Art has been part of human culture for millenia. Our ancient ancestors left behind paintings and sculptures of delicate beauty and expressive strength. The earliest finds date from the Middle Paleolithic period (between 200,000 and 40,000 years ago), although the origins of Art might be older still, lost to the impermanence of materials.

Compare that to the introduction given by Gardner’s Art Through the Ages (seventh edition):

What Genesis is to the biblical account of the fall and redemption of man, early cave art is to the history of his intelligence, imagination, and creative power. In the caves of southern France and of northern Spain, discovered only about a century ago and still being explored, we may witness the birth of that characteristically human capability that has made man master of his environment–the making of images and symbols. By this original and tremendous feat of abstraction upper Paleolithic men were able to fix the world of their experience, rendering the continuous processes of life in discrete and unmoving shapes that had identity and meaning as the living animals that were their prey.
In that remote time during the last advance and retreat of the great glaciers man made the critical breakthrough and became wholly human. Our intellectual and imaginative processes function through the recognition and construction of images and symbols; we see and understand the world pretty much as we were taught to by the representations of it familiar to our time and place. The immense achievement of Stone Age man, the invention of representation, cannot be exaggerated.

As you can see the wiki book introduction seems rather anemic and uninspired when compared to Gardner’s. The Gardner’s introduction also sets up a narrative arc placing art of this era in the context of an overarching story of human civilization.
I chose Gardner’s Art Through the Ages because it is the classic “Intro to Art History” textbook (75 years old, in its eleventh edition).

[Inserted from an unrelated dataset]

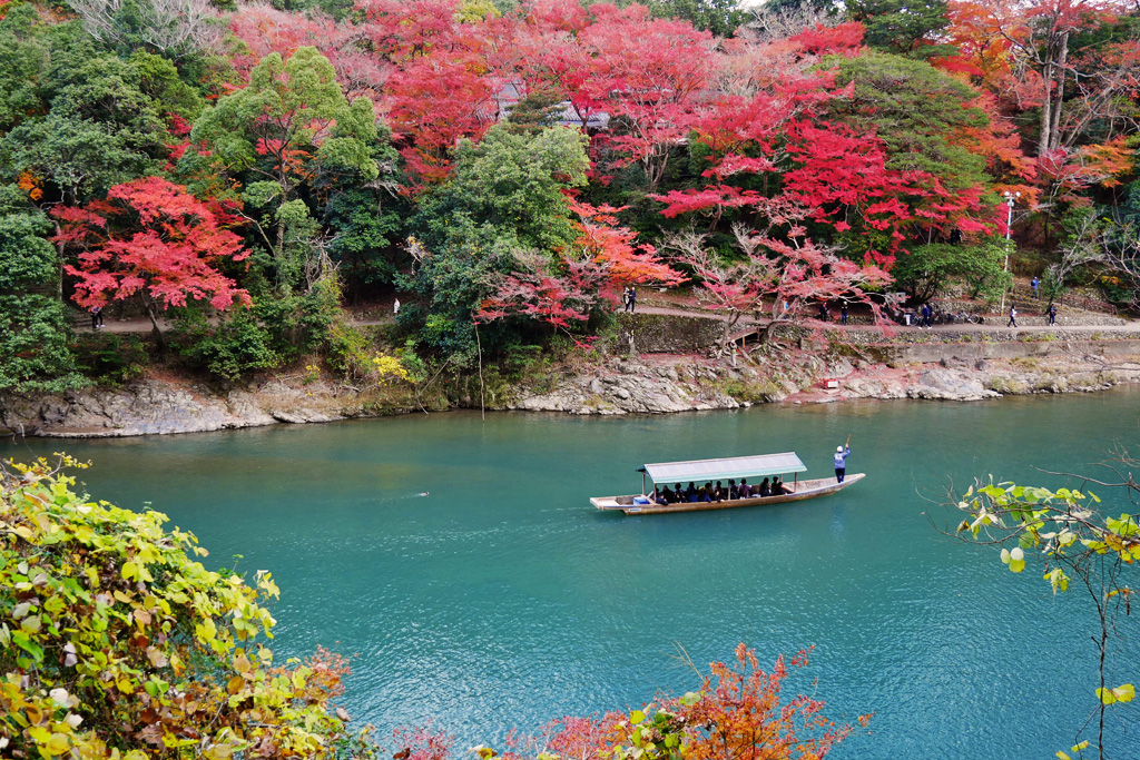 Một trong những cách tuyệt vời nhất để thưởng ngoạn mùa thu ở đây là ngắm từ mặt nước. Đi Hozugawa River boat ride hoặc thuyền yakata-bune (thuyền truyền thống kiểu Nhật) cho phép du khách chiêm ngưỡng màu sắc mùa thu từ góc nhìn độc đáo, khi cây cối và núi đồi phản chiếu trên mặt nước. Vé có thể mua trực tiếp tại chỗ hoặc đặt trước.

I bought my copy in high school and still have it. That book, along with my brilliant art history teacher Gretchen Whitman, gave me a lifelong passion for visual art and a deep understanding of its significance in the larger story of western civilization. My tattered but beloved Gardner’s volume still serves me well, some 20 odd years later. Perhaps it is the beauty of the writing, or the solidity of the authorial voice, or the engaging manner in which the “story” of art is told.
Let’s compare another passage; this one describes pictorial techniques employed by stone age painters. First the wikibook:

Another feature of the Lascaux paintings deserves attention. The bulls there show a convention of representing horns that has been called twisted perspective, because the viewer sees the heads in profile but the horns from the front. Thus, the painter’s approach is not strictly or consistently optical. Rather, the approach is descriptive of the fact that cattle have two horns. Two horns are part of the concept “bull.” In strict optical-perspective profile, only one horn would be visible, but to paint the animal in that way would, as it were, amount to an incomplete definition of it.

And now Gardner’s:

The pictures of cattle at Lascaux and elsewhere show a convention of representation of horns that has been called twisted perspective, since we see the heads in profile but the horns from a different angle. Thus, the approach of the artist is not strictly or consistently optical–that is, organized from a fixed-viewpoint perspective. Rather, the approach is descriptive of the fact that cattle have two horns. Two horns would be part of the concepts “cow” or “bull.” In a strict optical-perspective profile only one horn would be visible, but to paint the animal in such a way would, as it were, amount to an incomplete definition of it.

This brings up another very serious problem with open-source textbooks–plagiarism. If the first page of the wikibook-of-the month blatantly rips-off one of the most popular art history books in print and nobody notices, how will Wikibooks be able to police the other 11,000 plus textbooks it intends to sponsor? What will the consequences be if poorly written, plagairized, open-source textbooks become the runaway hit that Wikibooks predicts?